Source data>

▼

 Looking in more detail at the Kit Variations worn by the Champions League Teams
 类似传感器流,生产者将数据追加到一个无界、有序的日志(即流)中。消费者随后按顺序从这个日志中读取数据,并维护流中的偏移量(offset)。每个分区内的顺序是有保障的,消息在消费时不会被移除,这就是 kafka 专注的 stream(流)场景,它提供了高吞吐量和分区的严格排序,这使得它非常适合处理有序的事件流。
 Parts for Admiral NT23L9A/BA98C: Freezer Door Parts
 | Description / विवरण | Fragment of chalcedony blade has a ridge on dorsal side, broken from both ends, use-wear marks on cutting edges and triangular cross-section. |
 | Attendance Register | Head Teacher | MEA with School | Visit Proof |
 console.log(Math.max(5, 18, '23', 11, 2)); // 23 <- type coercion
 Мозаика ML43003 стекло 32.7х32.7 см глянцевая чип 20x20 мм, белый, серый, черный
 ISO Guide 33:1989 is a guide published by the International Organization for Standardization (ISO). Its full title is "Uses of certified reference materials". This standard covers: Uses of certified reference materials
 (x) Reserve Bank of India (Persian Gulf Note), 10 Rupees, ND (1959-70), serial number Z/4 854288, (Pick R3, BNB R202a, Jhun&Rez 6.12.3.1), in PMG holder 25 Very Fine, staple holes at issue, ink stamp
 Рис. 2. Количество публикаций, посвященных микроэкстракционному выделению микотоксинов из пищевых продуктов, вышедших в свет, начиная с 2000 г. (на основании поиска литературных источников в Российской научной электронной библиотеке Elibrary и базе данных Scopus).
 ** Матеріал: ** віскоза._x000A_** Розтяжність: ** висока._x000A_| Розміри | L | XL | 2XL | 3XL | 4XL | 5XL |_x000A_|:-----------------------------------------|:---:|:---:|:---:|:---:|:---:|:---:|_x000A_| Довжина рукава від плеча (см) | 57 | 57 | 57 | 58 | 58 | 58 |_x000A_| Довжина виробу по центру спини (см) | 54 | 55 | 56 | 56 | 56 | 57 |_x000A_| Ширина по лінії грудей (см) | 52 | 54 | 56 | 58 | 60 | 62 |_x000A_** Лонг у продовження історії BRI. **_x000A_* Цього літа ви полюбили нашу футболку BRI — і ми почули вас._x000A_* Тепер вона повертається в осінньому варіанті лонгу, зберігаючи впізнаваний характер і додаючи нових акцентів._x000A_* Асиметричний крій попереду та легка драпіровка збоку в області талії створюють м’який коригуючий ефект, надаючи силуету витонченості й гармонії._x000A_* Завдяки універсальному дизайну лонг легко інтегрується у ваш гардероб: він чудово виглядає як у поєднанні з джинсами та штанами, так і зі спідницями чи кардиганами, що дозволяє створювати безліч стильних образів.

▲

YOUR TASK>
From the first line to the last, reproduce the data exactly.

ANSWER BELOW>
 Looking in more detail at the Kit Variations worn by the Champions League Teams
 类似传感器流,生产者将数据追加到一个无界、有序的日志(即流)中。消费者随后按顺序从这个日志中读取数据,并维护流中的偏移量(offset)。每个分区内的顺序是有保障的,消息在消费时不会被移除,这就是 kafka 专注的 stream(流)场景,它提供了高吞吐量和分区的严格排序,这使得它非常适合处理有序的事件流。
 Parts for Admiral NT23L9A/BA98C: Freezer Door Parts
 | Description / विवरण | Fragment of chalcedony blade has a ridge on dorsal side, broken from both ends, use-wear marks on cutting edges and triangular cross-section. |
 | Attendance Register | Head Teacher | MEA with School | Visit Proof |
 console.log(Math.max(5, 18, '23', 11, 2)); // 23 <- type coercion
 Мозаика ML43003 стекло 32.7х32.7 см глянцевая чип 20x20 мм, белый, серый, черный
 ISO Guide 33:1989 is a guide published by the International Organization for Standardization (ISO). Its full title is "Uses of certified reference materials". This standard covers: Uses of certified reference materials
 (x) Reserve Bank of India (Persian Gulf Note), 10 Rupees, ND (1959-70), serial number Z/4 854288, (Pick R3, BNB R202a, Jhun&Rez 6.12.3.1), in PMG holder 25 Very Fine, staple holes at issue, ink stamp
 Рис. 2. Количество публикаций, посвященных микроэкстракционному выделению микотоксинов из пищевых продуктов, вышедших в свет, начиная с 2000 г. (на основании поиска литературных источников в Российской научной электронной библиотеке Elibrary и базе данных Scopus).
 ** Матеріал: ** віскоза._x000A_** Розтяжність: ** висока._x000A_| Розміри | L | XL | 2XL | 3XL | 4XL | 5XL |_x000A_|:-----------------------------------------|:---:|:---:|:---:|:---:|:---:|:---:|_x000A_| Довжина рукава від плеча (см) | 57 | 57 | 57 | 58 | 58 | 58 |_x000A_| Довжина виробу по центру спини (см) | 54 | 55 | 56 | 56 | 56 | 57 |_x000A_| Ширина по лінії грудей (см) | 52 | 54 | 56 | 58 | 60 | 62 |_x000A_** Лонг у продовження історії BRI. **_x000A_* Цього літа ви полюбили нашу футболку BRI — і ми почули вас._x000A_* Тепер вона повертається в осінньому варіанті лонгу, зберігаючи впізнаваний характер і додаючи нових акцентів._x000A_* Асиметричний крій попереду та легка драпіровка збоку в області талії створюють м’який коригуючий ефект, надаючи силуету витонченості й гармонії._x000A_* Завдяки універсальному дизайну лонг легко інтегрується у ваш гардероб: він чудово виглядає як у поєднанні з джинсами та штанами, так і зі спідницями чи кардиганами, що дозволяє створювати безліч стильних образів.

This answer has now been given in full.